Linear programming was developed in the 1940s as part one of the
scientific management techniques later oversold as the recipe for
winning the second world war. Personnel selection could allow the army
to allocate the best men to the most suitable posts. A German speaking
intellectual such as Henry Kissinger would get a job as chauffeur for
the top brass while businessmen would be assigned to jobs suitable for
personal enrichment in logistics and scientists might get jobs
designing and building mighty weapons. America certainly was building
the information infrastructure necessary for a Marxist-Leninist style
command economy.
Linear programming can be used to devise ways of keeping the right
proportion of amino acids in a scientific diet. You have different
ingredients with different costs and different ratios of amino acids.

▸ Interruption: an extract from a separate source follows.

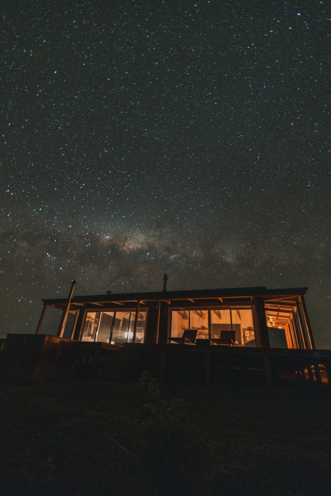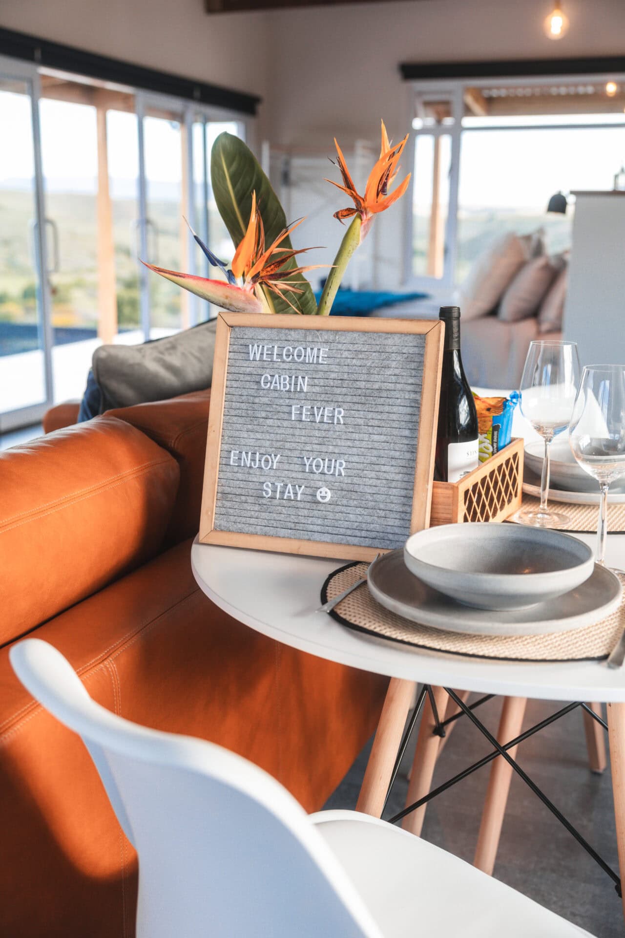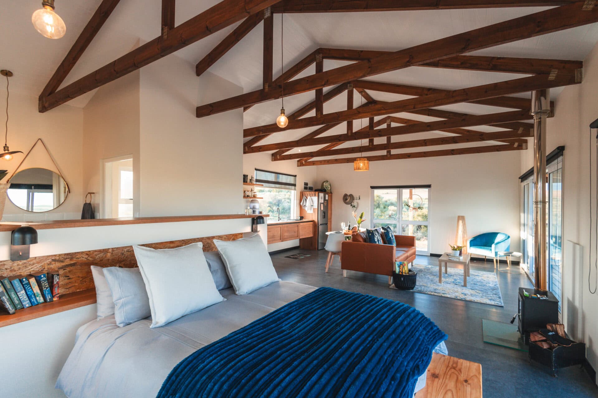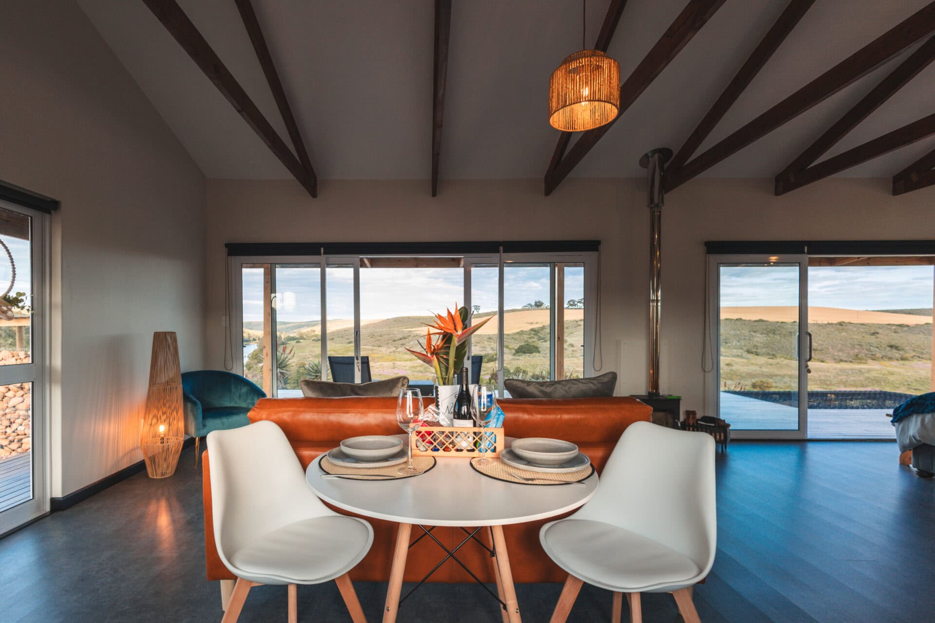 The open plan living space features a large leather couch perfectly positioned to take in the views, complete with binoculars and a bird book for identifying all the birds you spot! The space also includes a cozy fireplace and a selection of board games. Behind the couch, you’ll find a small dining table for two.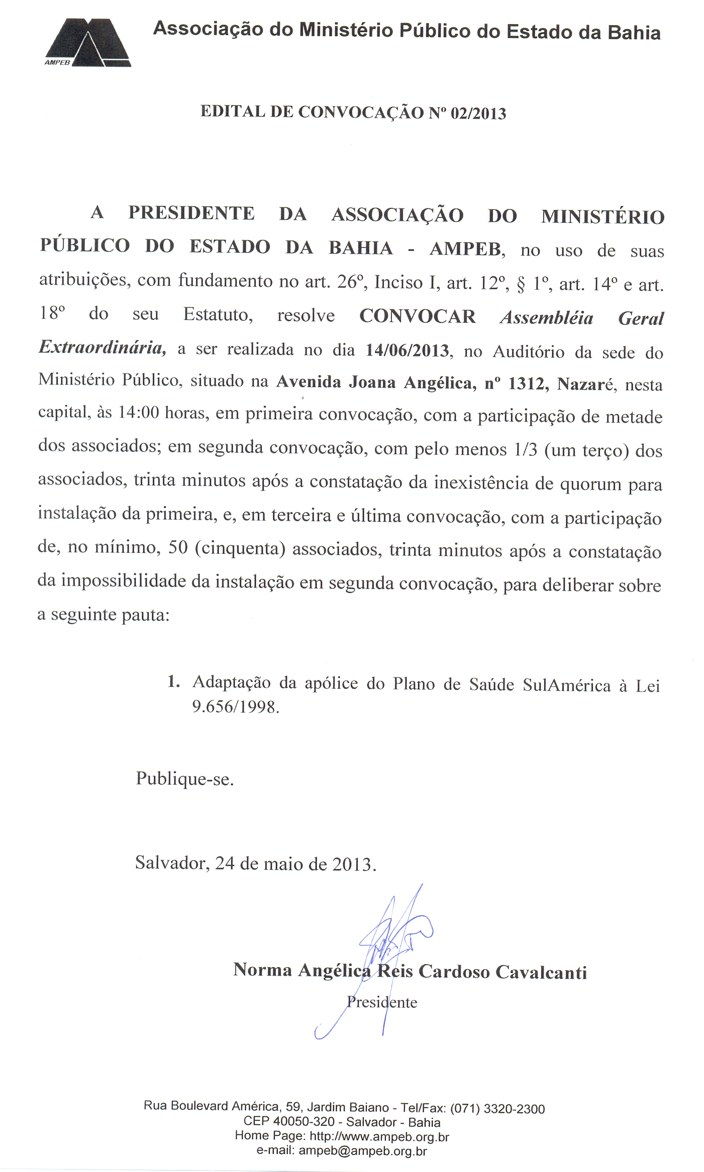 A PRESIDENTE DA ASSOCIAÇÃO DO MINISTÉRIO PÚBLICO DO ESTADO DA BAHIA – AMPEB, no uso de suas atribuições, com fundamento no art. 26º, Inciso I, art. 12º, § 1º, art. 14º e art. 18º do seu Estatuto, resolve CONVOCAR Assembléia Geral Extraordinária, a ser realizada no dia 14/06/2013, no Auditório da sede do Ministério Público, situado na Avenida Joana Angélica, nº 1312, Nazaré, nesta capital, às 14:00 horas, em primeira convocação, com a participação de metade dos associados; em segunda convocação, com pelo menos 1/3 (um terço) dos associados, trinta minutos após a constatação da inexistência de quorum para instalação da primeira, e, em terceira e última convocação, com a participação de, no mínimo, 50 (cinquenta) associados, trinta minutos após a constatação da impossibilidade da instalação em segunda convocação, para deliberar sobre a seguinte pauta:

Certain thresholds should be exceeded for a balanced diet, but it is
also possible that some quantities should not be exceeded. Pet cats and
dogs benefit from this science. Humans in the richer countries tend to
use irrational criteria or perhaps market forces just go for 'maximise
junk, maximise profit' as a model.
Suppose you have ingredients J, with cost c[j] for ingredient j.
Each ingredient contains A[i,j] percent of amino acid I. The constraint
values for each amino acid i are that the total amount b[i] must lie in
some specified range.
The problem can be written in matrix algebra terms.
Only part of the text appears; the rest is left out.